**YOUR OBJECTIVE**
The whole listing below is to be copied exactly, with every picture left out.
*** Opening of DATA PROVIDED ***
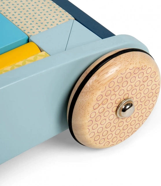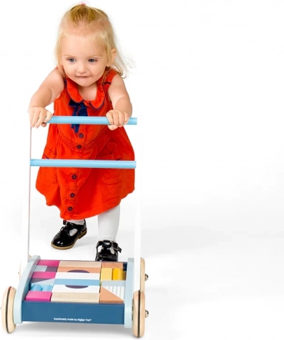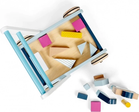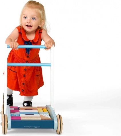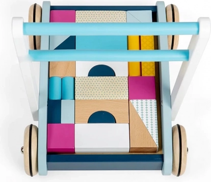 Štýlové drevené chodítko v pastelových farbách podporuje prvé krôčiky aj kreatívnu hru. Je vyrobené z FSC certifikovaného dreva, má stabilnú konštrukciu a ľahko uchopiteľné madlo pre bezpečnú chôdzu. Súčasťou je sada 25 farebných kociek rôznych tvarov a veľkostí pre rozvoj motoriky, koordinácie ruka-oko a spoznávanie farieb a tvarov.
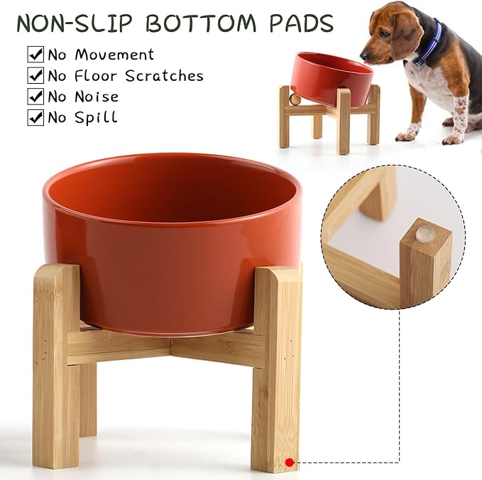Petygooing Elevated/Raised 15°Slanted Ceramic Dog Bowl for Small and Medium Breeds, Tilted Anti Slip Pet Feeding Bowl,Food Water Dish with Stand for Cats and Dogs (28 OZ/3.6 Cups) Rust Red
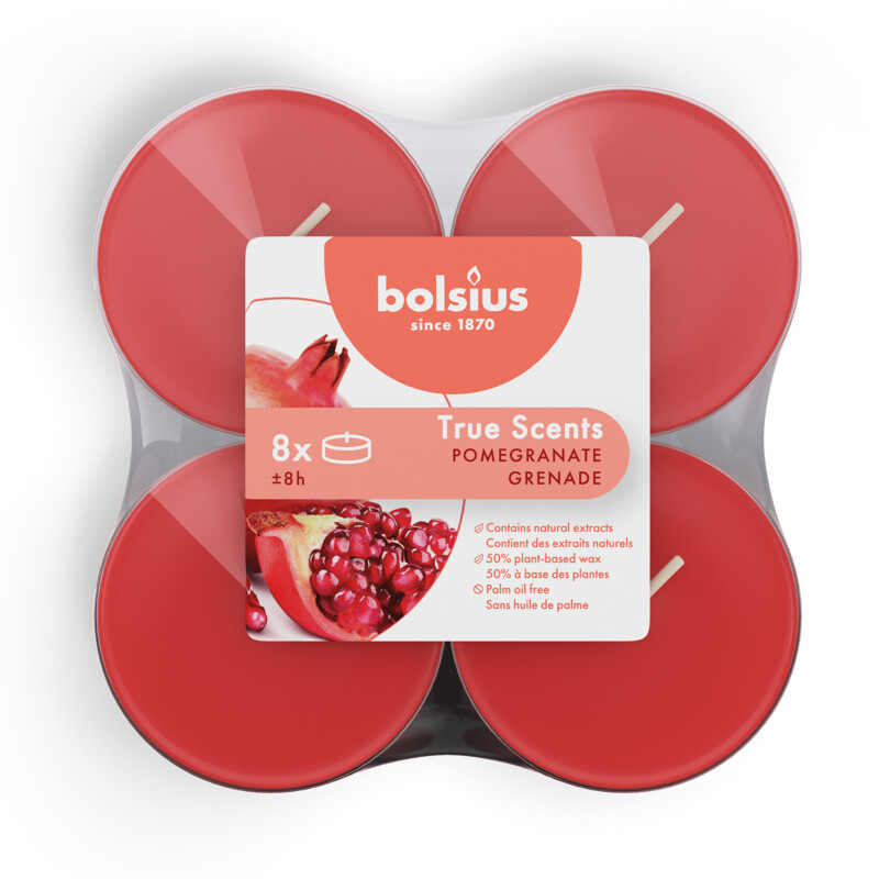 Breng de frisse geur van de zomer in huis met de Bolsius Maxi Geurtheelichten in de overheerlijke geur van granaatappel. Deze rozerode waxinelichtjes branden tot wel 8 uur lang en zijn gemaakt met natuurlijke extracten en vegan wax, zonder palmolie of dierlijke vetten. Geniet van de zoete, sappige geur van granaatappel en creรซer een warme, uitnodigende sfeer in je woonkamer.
*** Close of DATA PROVIDED ***
**SOLVED EXERCISE**
 Štýlové drevené chodítko v pastelových farbách podporuje prvé krôčiky aj kreatívnu hru. Je vyrobené z FSC certifikovaného dreva, má stabilnú konštrukciu a ľahko uchopiteľné madlo pre bezpečnú chôdzu. Súčasťou je sada 25 farebných kociek rôznych tvarov a veľkostí pre rozvoj motoriky, koordinácie ruka-oko a spoznávanie farieb a tvarov.
Petygooing Elevated/Raised 15°Slanted Ceramic Dog Bowl for Small and Medium Breeds, Tilted Anti Slip Pet Feeding Bowl,Food Water Dish with Stand for Cats and Dogs (28 OZ/3.6 Cups) Rust Red
 Breng de frisse geur van de zomer in huis met de Bolsius Maxi Geurtheelichten in de overheerlijke geur van granaatappel. Deze rozerode waxinelichtjes branden tot wel 8 uur lang en zijn gemaakt met natuurlijke extracten en vegan wax, zonder palmolie of dierlijke vetten. Geniet van de zoete, sappige geur van granaatappel en creรซer een warme, uitnodigende sfeer in je woonkamer.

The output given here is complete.